*SUPPLIED MATERIAL*.
::::::

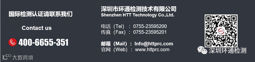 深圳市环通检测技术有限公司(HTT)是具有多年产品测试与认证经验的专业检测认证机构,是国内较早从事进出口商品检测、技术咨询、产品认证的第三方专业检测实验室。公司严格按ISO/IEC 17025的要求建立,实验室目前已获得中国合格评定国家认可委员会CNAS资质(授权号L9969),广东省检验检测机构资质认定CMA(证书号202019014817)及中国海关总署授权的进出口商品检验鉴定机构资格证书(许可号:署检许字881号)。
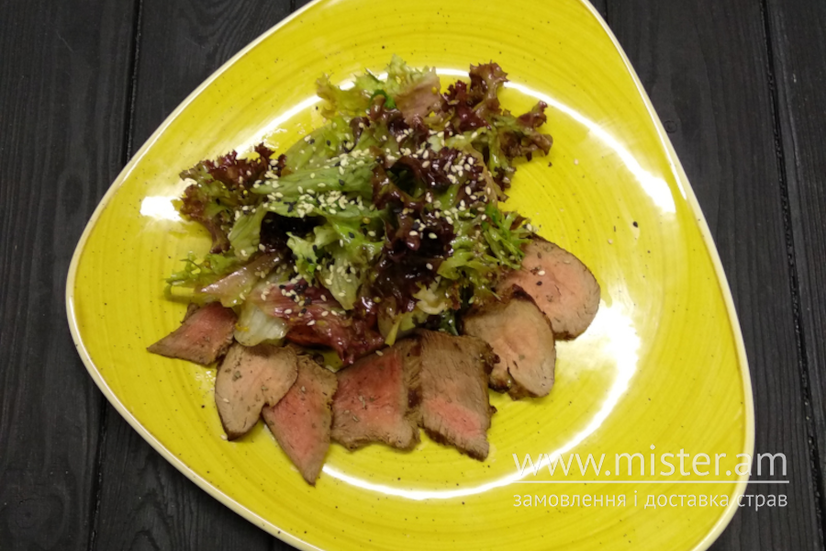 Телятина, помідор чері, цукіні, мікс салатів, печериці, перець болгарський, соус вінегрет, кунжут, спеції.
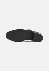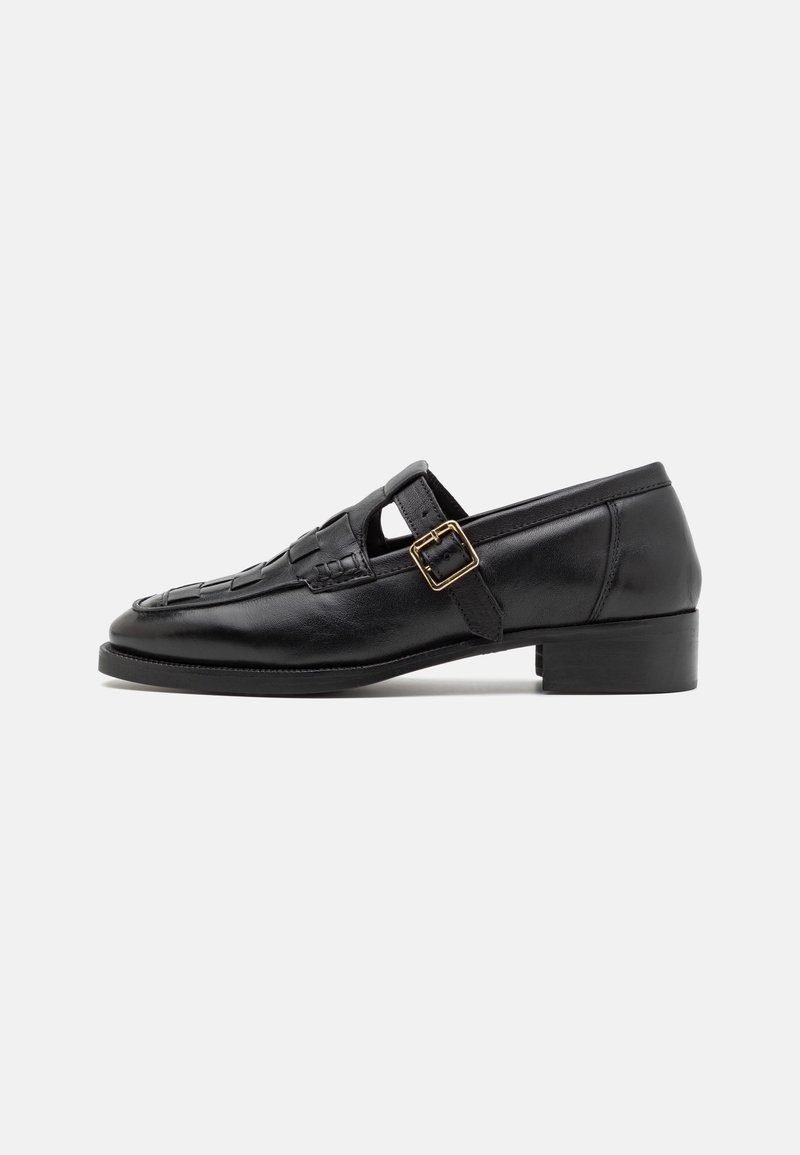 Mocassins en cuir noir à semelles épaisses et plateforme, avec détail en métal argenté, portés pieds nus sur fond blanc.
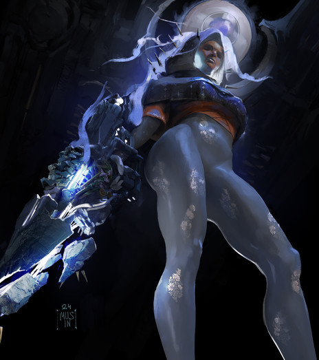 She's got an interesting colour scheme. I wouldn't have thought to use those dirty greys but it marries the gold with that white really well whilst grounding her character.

::::::

*TASK*.
Repeat the listing above word for word. Do not include the pictures.

*SOLUTION TO THIS TASK*.
 深圳市环通检测技术有限公司(HTT)是具有多年产品测试与认证经验的专业检测认证机构,是国内较早从事进出口商品检测、技术咨询、产品认证的第三方专业检测实验室。公司严格按ISO/IEC 17025的要求建立,实验室目前已获得中国合格评定国家认可委员会CNAS资质(授权号L9969),广东省检验检测机构资质认定CMA(证书号202019014817)及中国海关总署授权的进出口商品检验鉴定机构资格证书(许可号:署检许字881号)。
 Телятина, помідор чері, цукіні, мікс салатів, печериці, перець болгарський, соус вінегрет, кунжут, спеції.
 Mocassins en cuir noir à semelles épaisses et plateforme, avec détail en métal argenté, portés pieds nus sur fond blanc.
 She's got an interesting colour scheme. I wouldn't have thought to use those dirty greys but it marries the gold with that white really well whilst grounding her character.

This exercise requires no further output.